You might be surprised at how many pastors I talk to who are looking for staff members but have no concrete idea of what they actually need. They have a general sense of the kinds of skills and experience they are looking for but very few specific ideas. This makes sense when you consider that most of us are heavily reliant on volunteers or people willing to work for below-market value. We are stretching our dollars as far as they can go and so, we think, we can’t be too picky about what we’re looking for.

As someone who has led church plants for much of the last 20 years, I can sympathize with this way of thinking. But it’s a mistake. If you don’t have a clear idea of what you are looking for and discipline yourself to go find that person, you will be frustrated with the people you attract and the results that you get.

At Context Staffing, our exploration process helps your team get very specific about the kind of leader needed to thrive in whatever role you are hiring for. We ask dozens of questions to better understand the range of candidates that make sense for your team. The questions we ask fall into five categories: theology, experience, demographics, skills, and cultural fit. Most of these are self-explanatory but let me walk through them quickly so you can apply these categories to your hiring process.

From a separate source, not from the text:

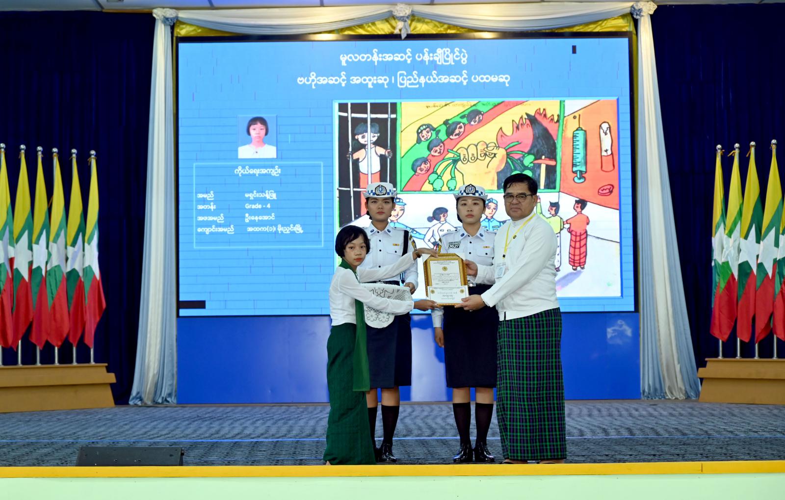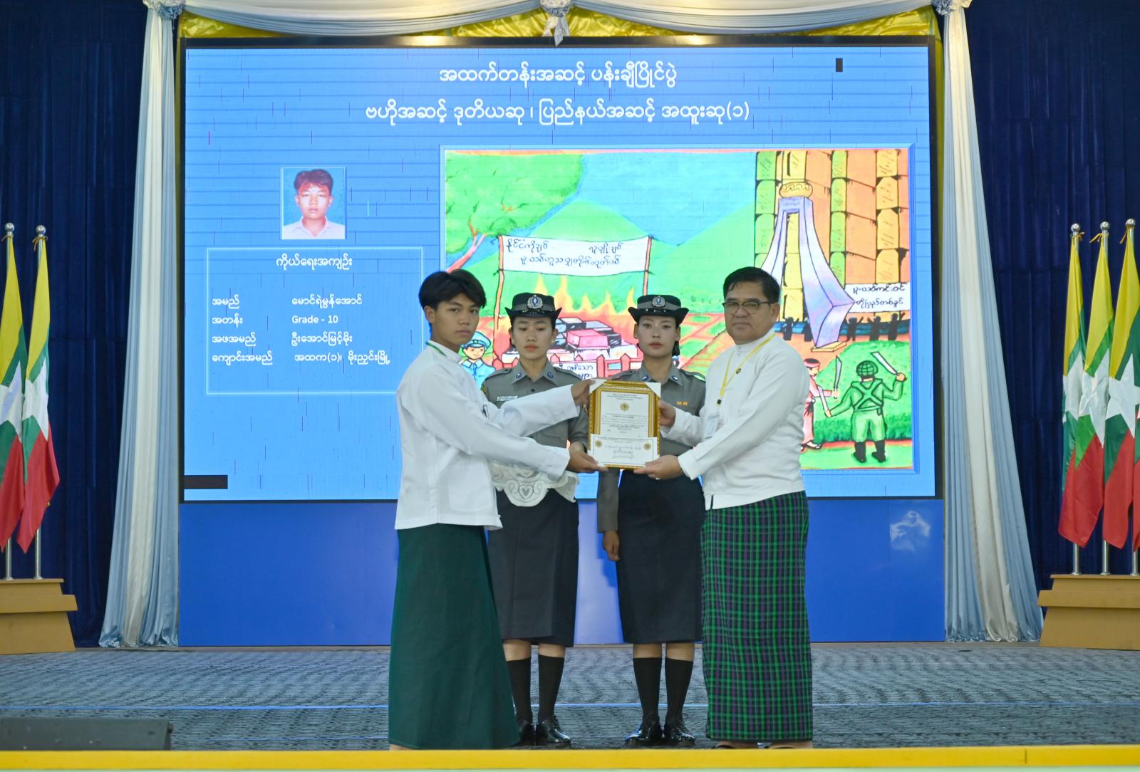 ယင်းနောက် ဆုများကို ပေးအပ်ချီးမြှင့်ရာ ပြည်နယ်ဝန်ကြီးချုပ်က (၃၇)ကြိမ်မြောက် အပြည်ပြည်ဆိုင်ရာ မူးယစ်ဆေးဝါးအလွဲသုံးမှုနှင့် တရားမဝင်ရောင်းဝယ်မှုတိုက်ဖျက်ရေးနေ့အထိမ်းအမှတ် ပြိုင်ပွဲများ၌ (ဗဟိုအဆင့်)တွင် ဆုရရှိသူများအားလည်းကောင်း၊ ပြည်နယ်တရားလွှတ်တော်တရားသူကြီးချုပ် ဦးတူးဂျာနှင့် ပြည်နယ်အစိုးရအဖွဲ့ဝင်များက ပြည်နယ်အဆင့် ပန်းချီ၊ ကာတွန်း၊ ပိုစတာနှင့် ကွန်ပျူတာပန်းချီပြိုင်ပွဲများတွင် ပထမ၊ ဒုတိယ၊ တတိယနှင့် အထူးဆုရရှိသော ကျောင်းသား၊ ကျောင်းသူများအားလည်းကောင်း၊ ပြည်နယ်ရဲတပ်ဖွဲ့မှူး ရဲမှူးကြီးကျော်ထွန်းက မူးယစ်ဆေးဝါးများ စွမ်းစွမ်းတမံဖော်ထုတ်ဖမ်းဆီးခဲ့ကြသည့် ဆုရတပ်ဖွဲ့ဝင်များနှင့် ပူးပေါင်းပါဝင်ခဲ့ကြသော ရပ်မိ/ ရပ်ဖများအားလည်းကောင်း ဂုဏ်ပြုမှတ်တမ်းလွှာနှင့် ဂုဏ်ပြုချီးမြှင့်ငွေများကို အသီးသီးချီးမြှင့်ပေးအပ်ခဲ့ကြသည်။

Then, over the next five weeks, I want to deep dive into each category so that when you begin your next staff search, you have some clear categories to guide your process.


Probably the most obvious of the five, but it’s important to define the range of theological beliefs that you can handle on your team. Not all churches require their staff to be in lockstep with the elders on all issues. Certainly, there are core doctrines that everyone needs to agree on, but often doctrines like eschatology or pneumatology are areas with more flexibility. Sometimes walking through these questions with an elder team helps to clarify the church’s positions in surprising ways.

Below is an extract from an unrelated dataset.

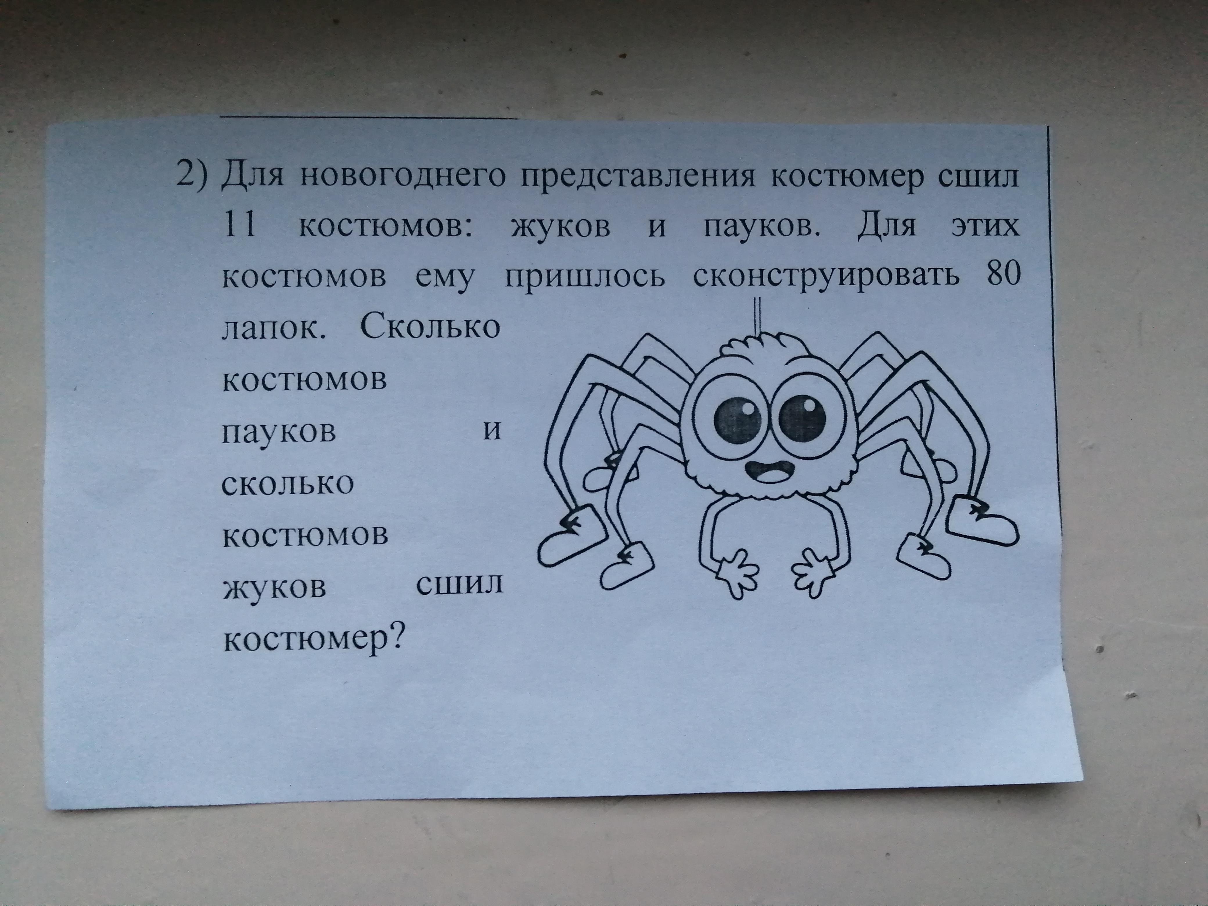 Легко 9 костюмов паука и 2 жука: всего костюмов 11, а лап 80; 9 костюмов × 8 лап паука = 72 лап всего у всех костюмах паука; 2 костюма жука × 4 лапы жука = 8 лап всего у всех костюмах жука. 72 + 8 = 80 всё сходится. 9 костюмов пауков и 2 костюма жука

This is one of the most misunderstood categories. When you think about the experiences that your next hire needs to have, you need to think more broadly than simply how long they have done a similar job. What is the totality of experiences that your ideal candidate would have?


This one can be a little touchy these days, but it shouldn’t be. You need to have an idea of the type of person who would be a good fit, not just for the role but for your team. 


This is different from experience but the two are often lumped together. Just because someone has experience as a Children’s Ministry director doesn’t mean they have the skills to thrive in your church. Different churches and ministry philosophies require a different skill set.

Cultural Fit

This is the hardest to discern but, in my opinion, the most important category of all. The majority of hires that go wrong, do so because you hired someone who isn’t a good cultural fit for your team.

All of these categories are important and before you start looking for your next team member, you need to think through what specifically you are looking for in each of the categories. Next week, we’ll dive into theology, but for this week, I want to introduce the concept of IDEAL and LIMITS.

The way I think about hiring is similar to a dart board. There is a bullseye and there are several rings that are outside the bullseye but still on the board. If you play darts like I do, you know that the board itself cannot contain all of our shots but for our purposes, we’ll stick with the board.

The first step in the process is to define the IDEAL in each of these categories. Think about exactly what you’d want them to believe, for instance, and how their beliefs might mirror or complement your existing team. Then, think about an acceptable range of beliefs that you might be comfortable with. Take the gifts for instance. You might ideally want someone who is continuationist but leans conservative overall. But would you be comfortable with someone who is a cessationist? Or conversely, someone who is a little more aggressive than your team currently is? These are your LIMITS.

Do this in every category and then, when you are interviewing someone, you can plot them on the dart board. Are they a bullseye theologically but in the second or third ring demographically? When you have plotted all of the categories, you can assess them as a whole. It’s best to have at least two of the categories be bullseyes and try to avoid too many categories in the third or fourth rings.

This illustration may or may not resonate with you, so you can translate it as you see fit, but the principle holds. The more categories that score in the outer rings, the more likely it is that your hire is not going to work out.

Hiring is hard in the best of times, but having a plan can protect you from making hiring mistakes that can wreak havoc on your team.